- **HOW TO COMPLETE THIS TASK**
Quote exactly the lines from the one with "JR東日本株主優待割引券をお買取りさせていただきました。" to the end of the data, both included; omit the pictures.

- **GIVEN DATA**

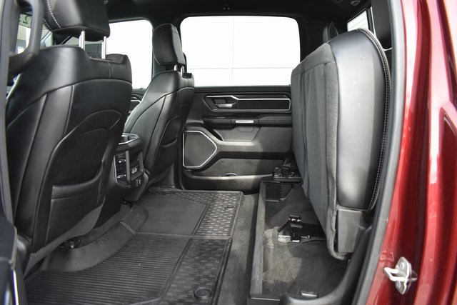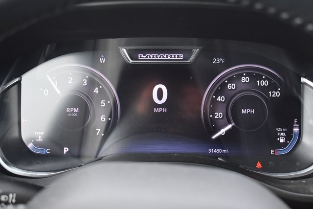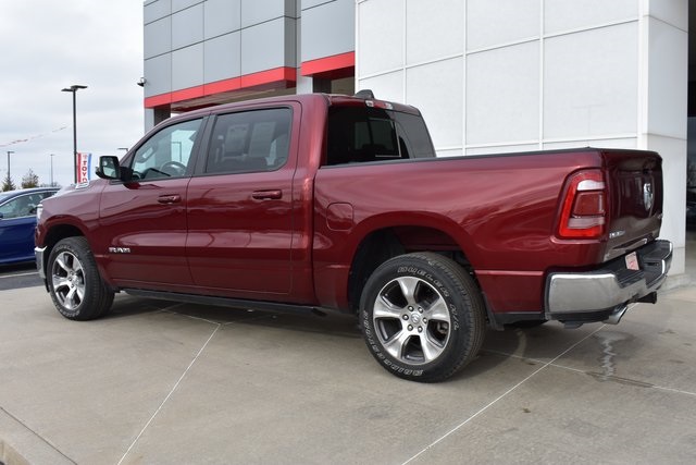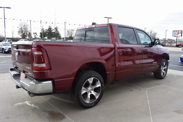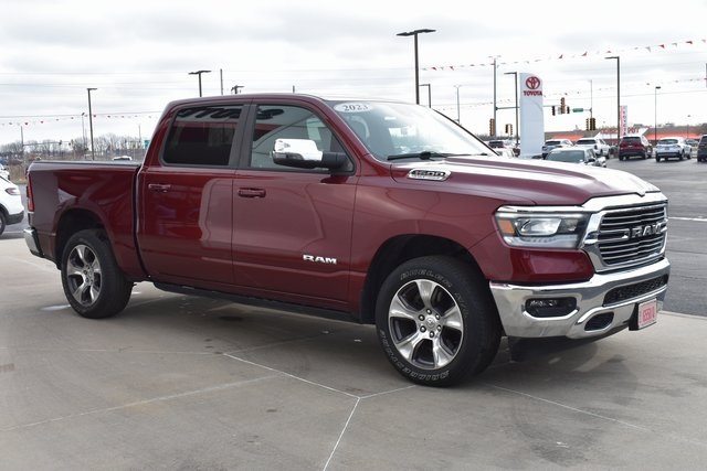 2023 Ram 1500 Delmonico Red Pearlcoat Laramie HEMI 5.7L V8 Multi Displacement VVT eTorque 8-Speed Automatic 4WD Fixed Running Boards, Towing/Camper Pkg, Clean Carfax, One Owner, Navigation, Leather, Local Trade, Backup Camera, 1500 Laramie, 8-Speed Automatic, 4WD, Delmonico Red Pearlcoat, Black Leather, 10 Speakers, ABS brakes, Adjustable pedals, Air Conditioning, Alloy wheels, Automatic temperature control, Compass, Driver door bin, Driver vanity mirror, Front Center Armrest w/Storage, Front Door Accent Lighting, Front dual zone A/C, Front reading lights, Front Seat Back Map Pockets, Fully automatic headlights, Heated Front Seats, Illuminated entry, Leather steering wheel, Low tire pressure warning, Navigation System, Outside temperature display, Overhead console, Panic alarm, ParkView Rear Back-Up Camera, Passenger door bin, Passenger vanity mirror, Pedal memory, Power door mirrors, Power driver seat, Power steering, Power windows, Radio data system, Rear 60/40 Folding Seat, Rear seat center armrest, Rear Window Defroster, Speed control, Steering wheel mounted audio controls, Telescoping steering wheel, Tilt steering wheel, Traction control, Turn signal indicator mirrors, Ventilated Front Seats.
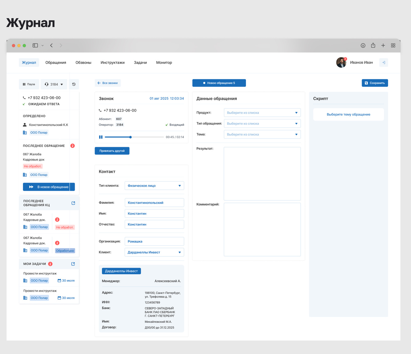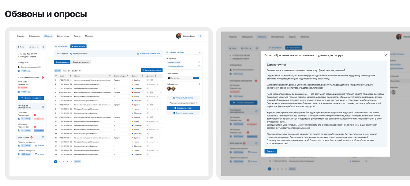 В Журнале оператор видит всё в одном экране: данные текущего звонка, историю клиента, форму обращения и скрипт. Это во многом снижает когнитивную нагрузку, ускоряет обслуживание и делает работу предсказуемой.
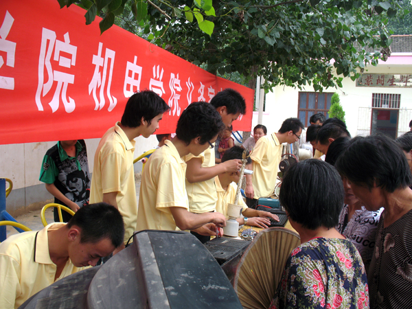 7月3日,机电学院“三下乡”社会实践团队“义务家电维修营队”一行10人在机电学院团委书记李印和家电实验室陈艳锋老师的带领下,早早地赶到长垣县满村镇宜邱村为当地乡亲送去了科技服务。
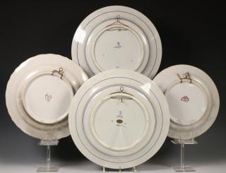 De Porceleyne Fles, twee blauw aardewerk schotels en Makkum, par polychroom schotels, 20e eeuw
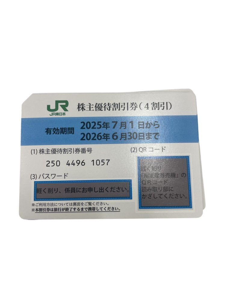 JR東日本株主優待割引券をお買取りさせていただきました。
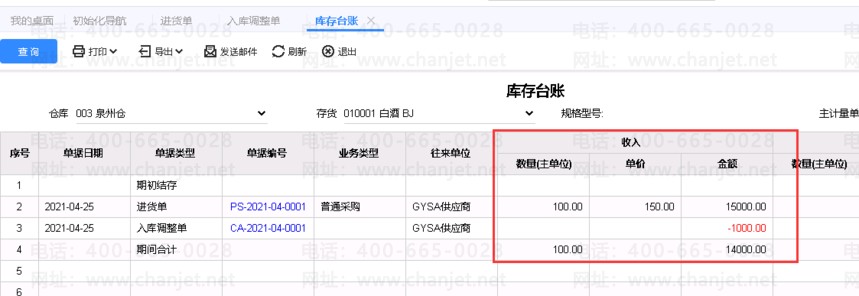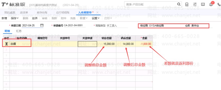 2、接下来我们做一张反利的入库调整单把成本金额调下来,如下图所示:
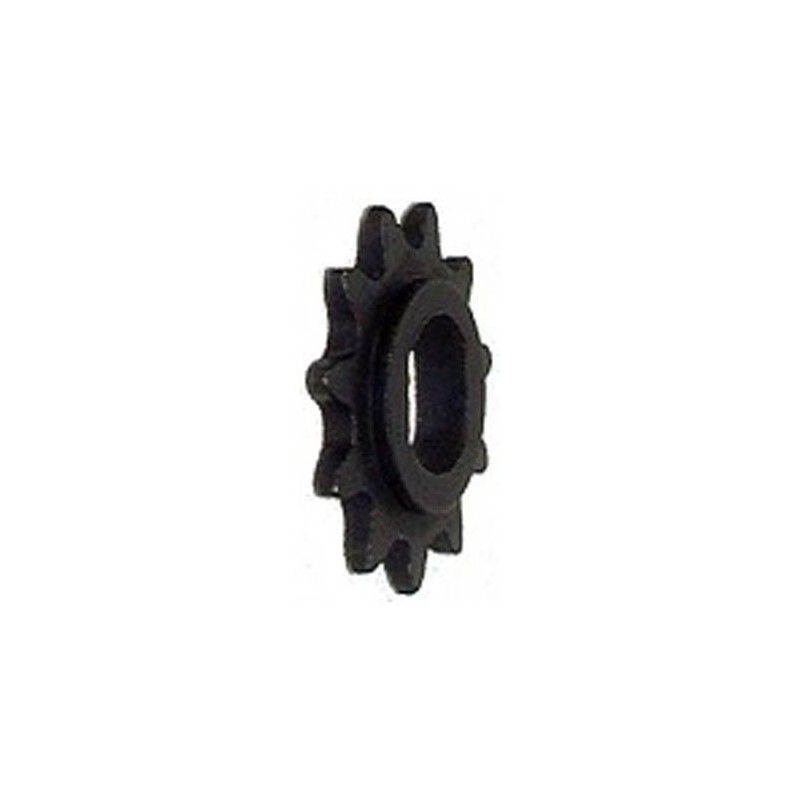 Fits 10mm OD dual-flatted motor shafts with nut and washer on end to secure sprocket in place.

- **WRITTEN RESPONSE**
 JR東日本株主優待割引券をお買取りさせていただきました。
 2、接下来我们做一张反利的入库调整单把成本金额调下来,如下图所示:
 Fits 10mm OD dual-flatted motor shafts with nut and washer on end to secure sprocket in place.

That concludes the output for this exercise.